Saturday, December 1, 2007

A Baby Ripped Out His Heart

"When we took off from Port Au Prince we had been deeply immersed in the Haitian culture and the appalling poverty, crying, starving orphans, and near complete hopelessness. The day before leaving to come back to the States I spent a portion of the day at Mother Theresa's Orphanage with Beth and Chris just holding babies, changing diapers and playing with the toddlers. One baby ripped my heart out and kept a piece for herself. A piece I was glad to leave behind. She was maybe 1 year old and so frail and so beautiful with one small earring in her left ear.
Jon Lacore
http://www.jdlacore.net/

On Thanksgiving my blog entry here dealt with how we take so much for granted as Americans. It is almost impossible to convey this in just a few words. Images and stories and, best yet, a period of time spent in the presence of Third World poverty will all conspire to break your heart if you allow it.

We have all had glimpses of it. We all know there is need out there, that there are people hurting in ways we can't even fathom. But because we do not know how to react to it we tend to shut it out.

What prompted my Thanksgiving day entry was seeing a presentation of images from Haiti's Cite Soleil, an impoverished section of Haiti on the outskirts of Port-au-Prince. Jon Lacore, the son of some friends of ours, had just returned from a nine day trip to The Haiti Orphan’s Project and shared some of what he had seen and experienced there. (http://www.haitiorphansproject.org/)
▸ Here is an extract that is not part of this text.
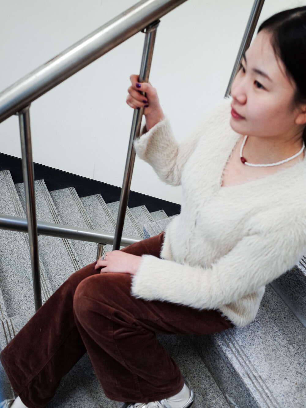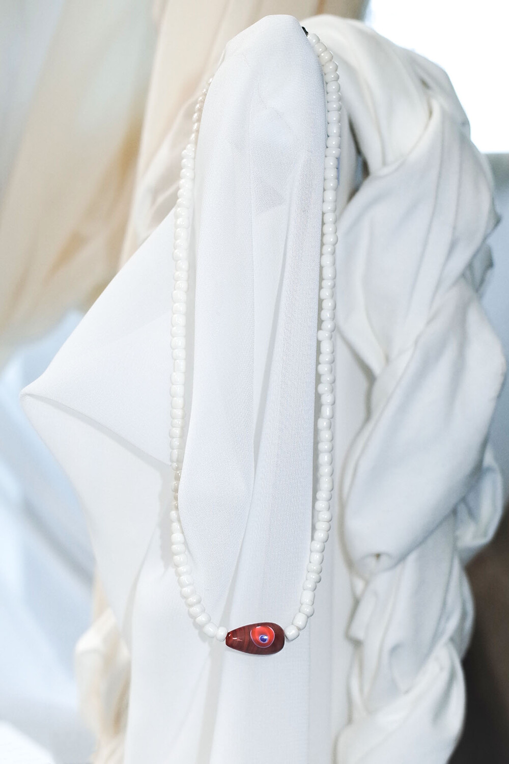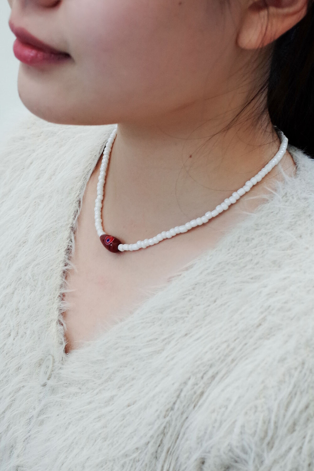 크기가 있는 하얀 비즈라 데일리 룩에 더 귀여운 포인트를 줍니다.
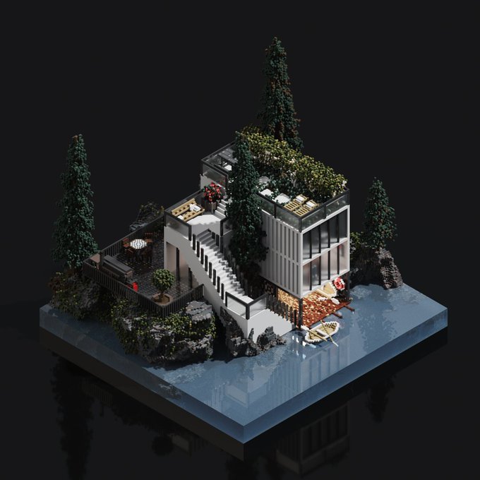 House on a rocky shore artstation.com/artwork/zDeD5w #MagicaVoxel #Voxelart #voxel #strategy #gameart

Thursday of this week I followed up by having lunch with Jon who said, "After seeing Haiti I have decided to focus much more of my attention on that country due to it’s extreme poverty unlike anything I have seen before."

The twenty-five year old has seen a lot in his short life. At thirteen he was involved in a summer mission trip to Pakistan, followed by shorter but similar trips to Nicaragua and Trinidad. As a medic in the U.S. armed forces he spent nine months in Bosnia, and most recently 16 months in Iraq where, among other things, he served as a medic responsible for providing emergency medical treatment for the base, clinical duties for the soldiers and civilians on base, and aid at the trauma center for mass casualty incidents.

Even with this background, nothing had quite prepared him for what he experienced in Haiti.